Installation

Basic Program

The installation contains two main steps:

  1. Install VapourSynth core library.

  2. Install the Python wrapper of VapourSynth.

After you completed the second step, you can test it by opening a Python command line and type this:

from vapoursynth import core
print(core.version())

After pressing return at the final line, you should see the version printed along with a few other lines describing the options used when instantiating the Core object. In fact, these lines should be the same as the output result of vspipe --version.

Windows Installation

Prerequisites

First download and install the prerequisites:
  • Python 3.9.x or Python 3.8.x – 32 or 64 bit version depending on which version of VapourSynth you want to install

Note that VapourSynth and Python have to be matched so both are either installed for all users or for only for the current user.

Also note that per user installs will not install the required Visual Studio 2019 runtimes.

Installation

Simply run the VapourSynth installer. It should automatically detect and install everything, including the Python wrapper.

If the tests mentioned at the beginning fails, there may be a bug in the installer or there are old copies of vapoursynth.pyd and vapoursynth.dll lying around.

Windows Installation (Portable)

First download and decompress the prerequisites:
  • Python 3.9.x or Python 3.8.x – 32 or 64 bit embeddable version

Simply decompress the portable VapourSynth archive into the Python dir and overwrite all existing files. Done.

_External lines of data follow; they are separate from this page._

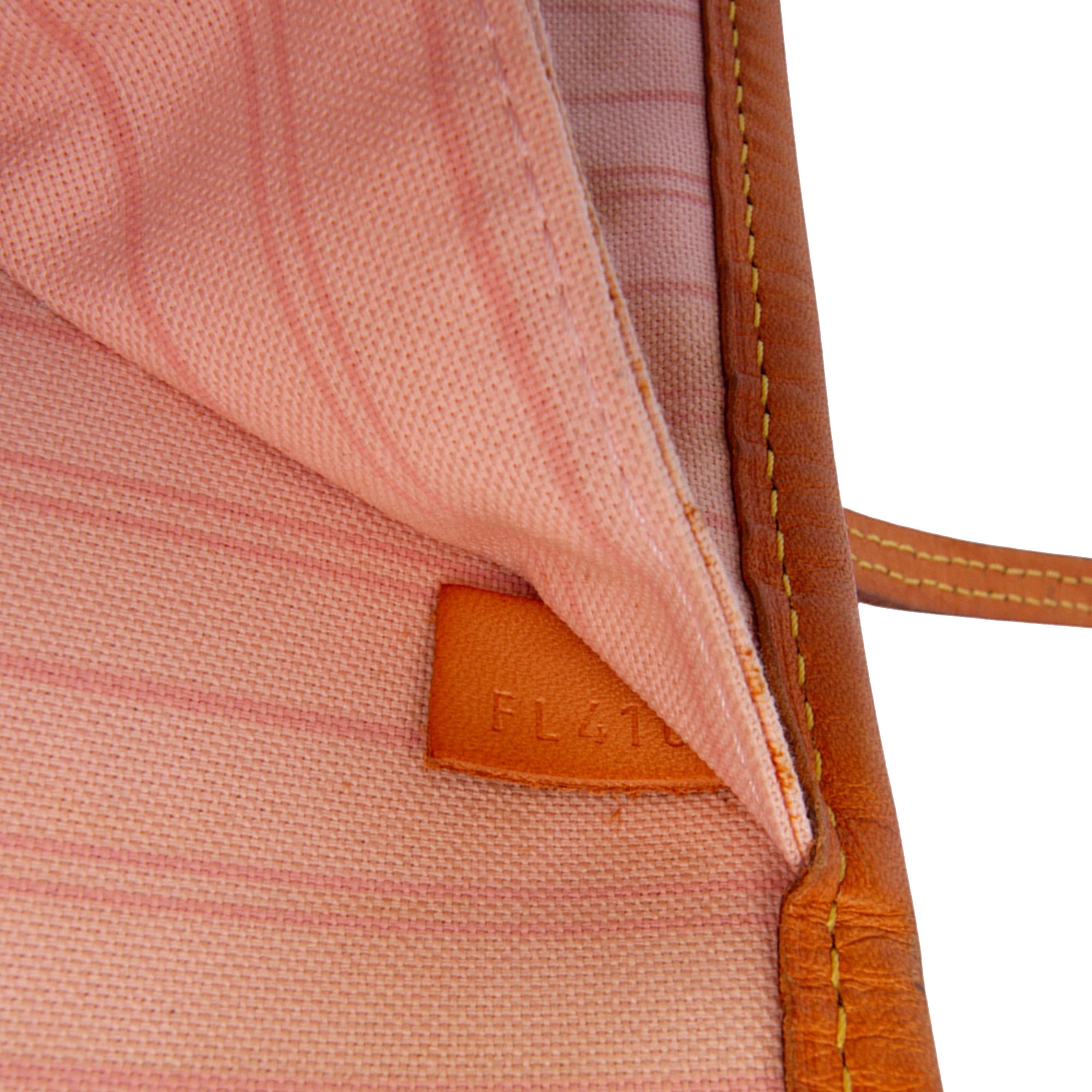 The Neverfull MM features a damier azur canvas body with vachetta leather trim, flat vachetta leather handles, an open top with a lobster clasp closure, and an interior zip pocket. Retail Price: 1963.00
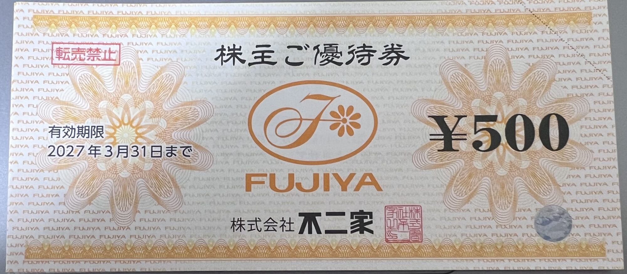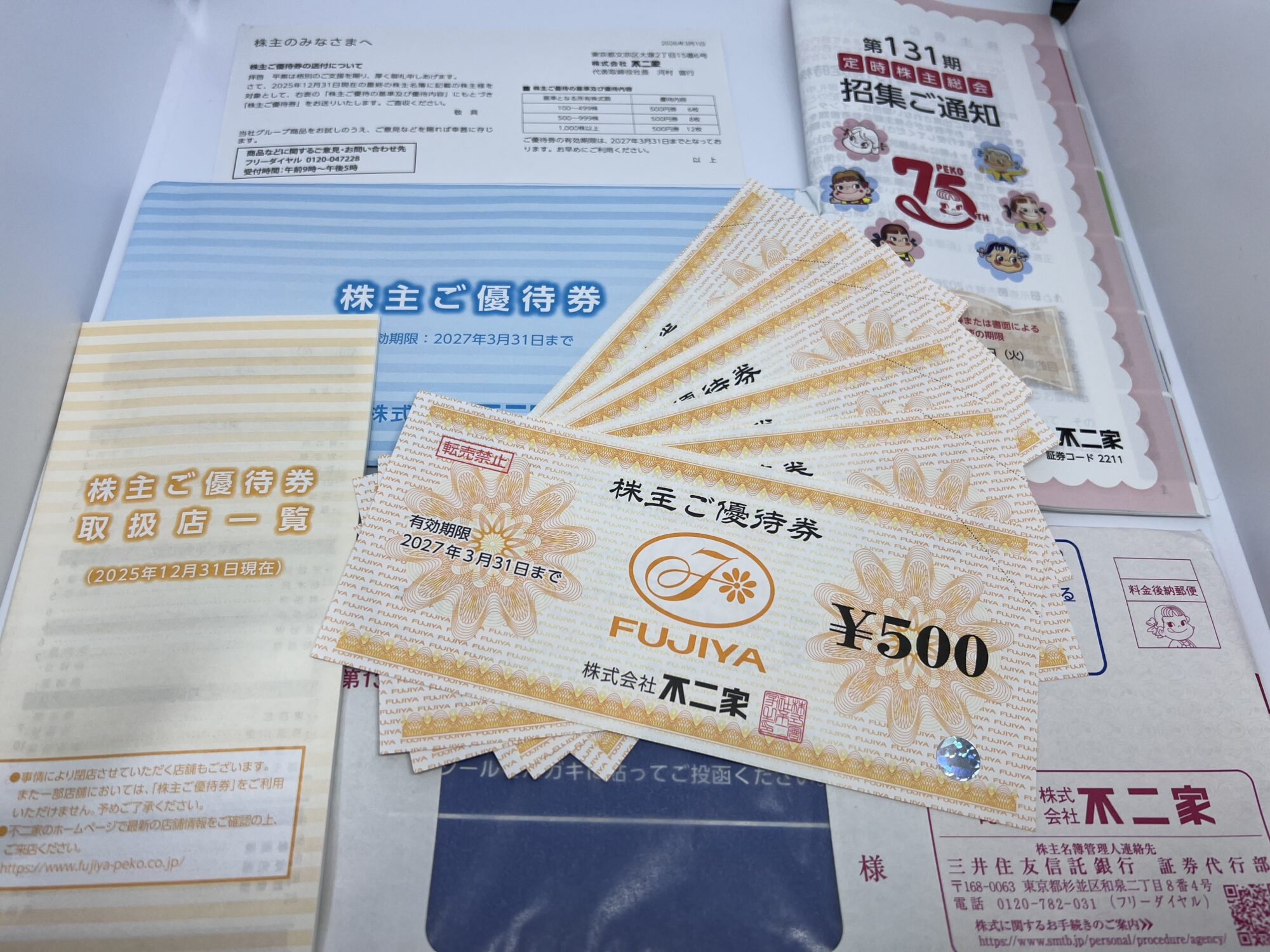 中に入っていたのは、500円券×6枚、合計3,000円分の「株主ご優待券」。有効期限は2027年3月31日まで。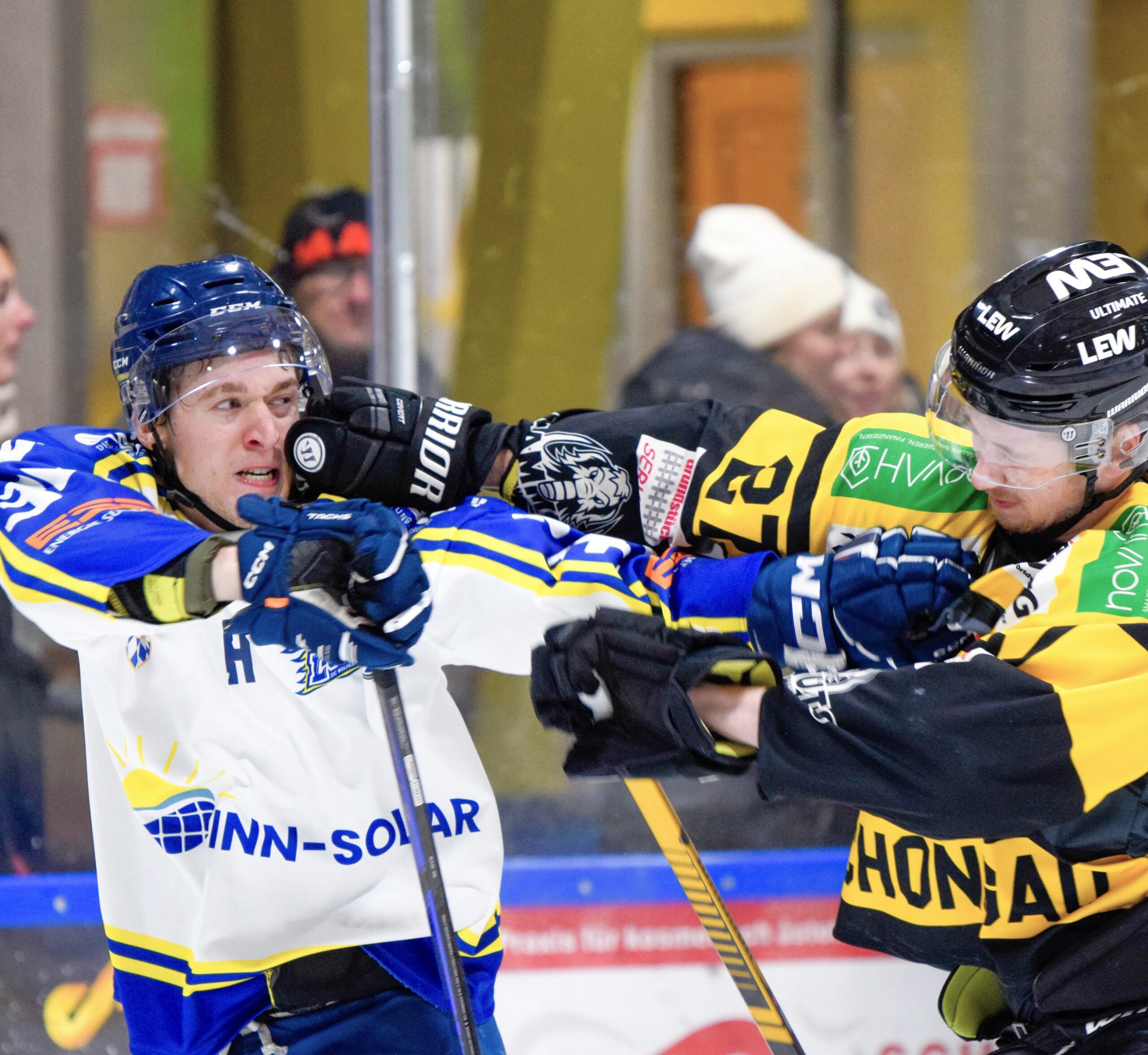 Na, eigentlich geht’s um Eishockey und nicht um einen Boxkampf: Die Nerven blank im Abstiegskampf – rechts Schongau im Angriff, links der EHC. Nach einer erneut durchwachsenen Leistung verloren die Eishockey-Löwen aus Waldkraiburg ihr Auswärtsspiel bei der EA Schongau gestern Abend mit 2:5. Schon am Freitag-Abend hatte man in der Overtime mit 3:4 daheim verloren.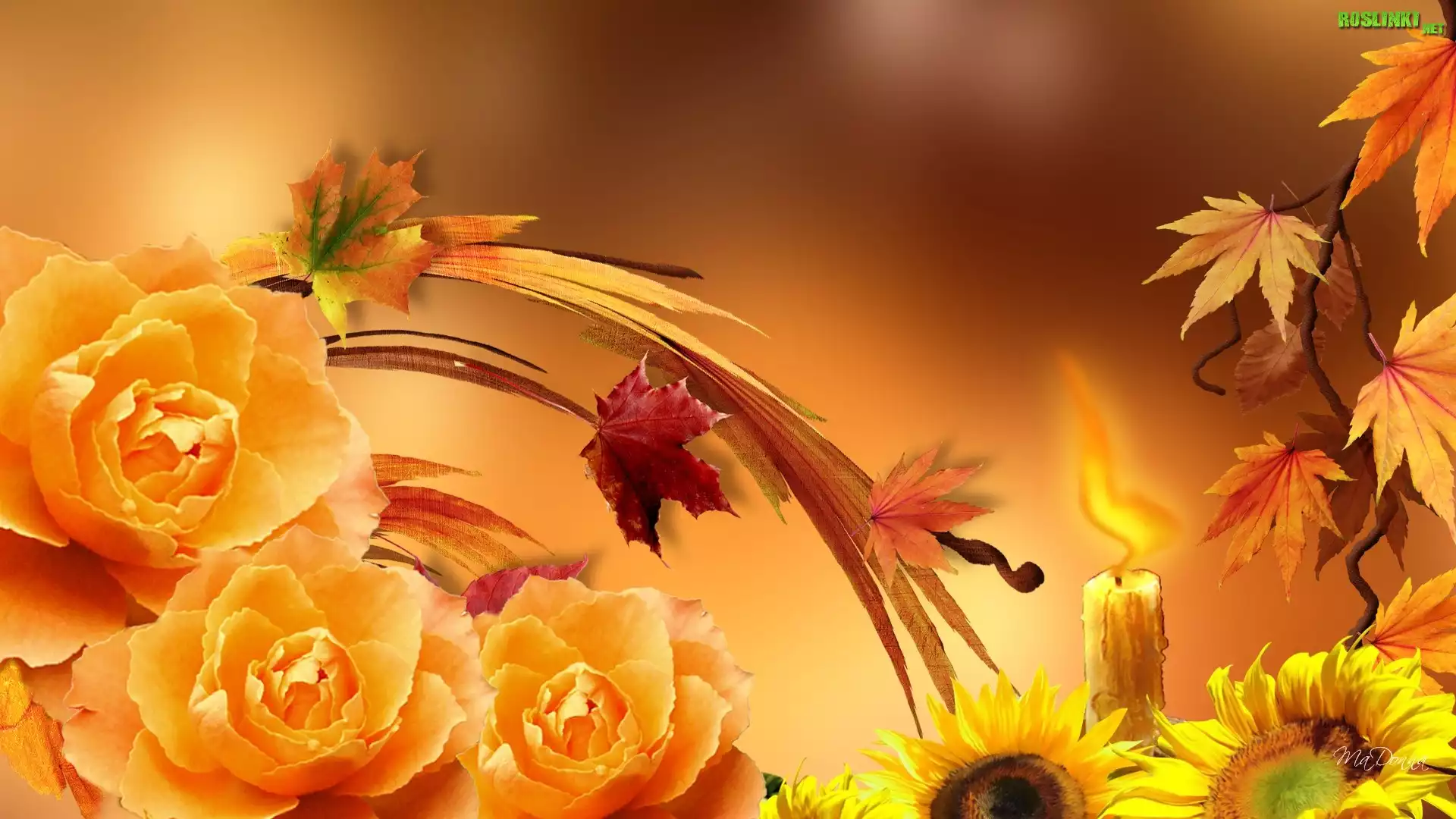 Rośliny: Jesień, Róże, Słoneczniki, Liście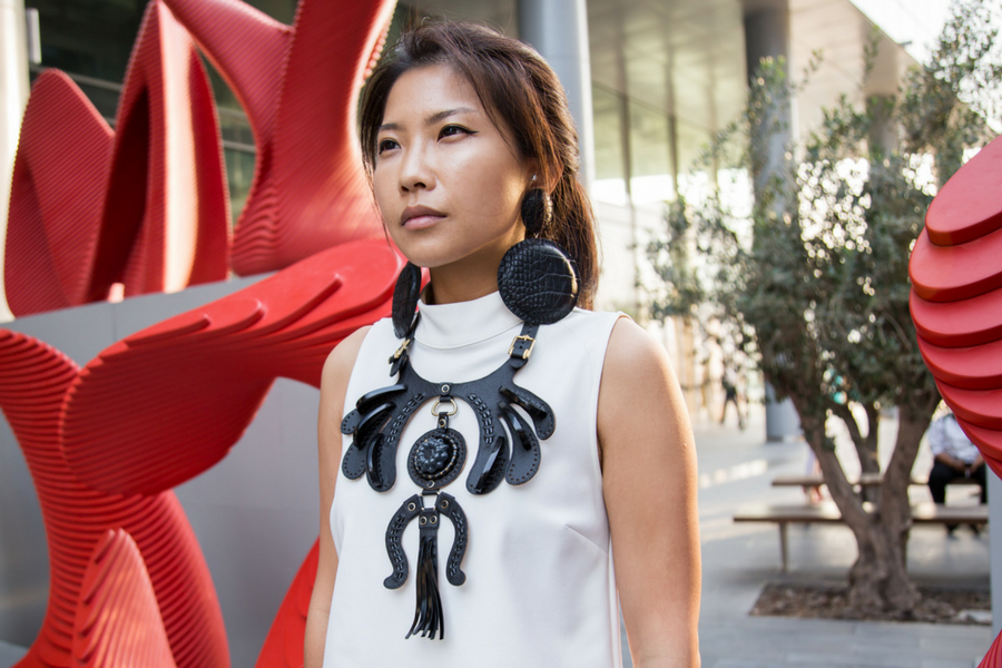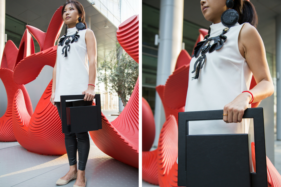 Taiwen Chen, our beauty editor, selected a black minimalistic square bag that goes perfectly with this oversized leather necklace and matching earrings. All of it, coming from The Cartel.

You can also use the VapourSynth Editor by decompressing it into the same directory.

OS X Installation

First download and install the prerequisites:
  • Xcode – Available from the AppStore

  • Homebrew – A package manager

Simply run these commands in a terminal and wait for them to complete:

brew install vapoursynth

Linux installation

Several distributions have VapourSynth packages. Note that those packages are usually OUT OF DATE.

Debian

The VapourSynth packages are provided by deb-multimedia repository. You need to add the repository first following the guide on the official website.

Fedora, CentOS and RHEL

For Fedora, the VapourSynth packages can be downloaded from official repository directly. For CentOS and RHEL, you should install EPEL (Extra Packages for Enterprise Linux) repository first.

Gentoo

There is an unofficial Portage tree with all VapourSynth related ebuilds. Check the Github link for more information and instructions.

Arch Linux

VapourSynth-related packages are provided by the Community repository.

Windows Compilation

Preparing the Build Environment on Windows

Default install paths are assumed in all projects and scripts, be prepared to adjust many things if you changed them

Required languages and applications:

  • Needs Visual Studio 2019

  • It also needs both 32bit and 64bit Python 3.8.x and 3.9.x (the msvc project assumes that you installed python for all users.)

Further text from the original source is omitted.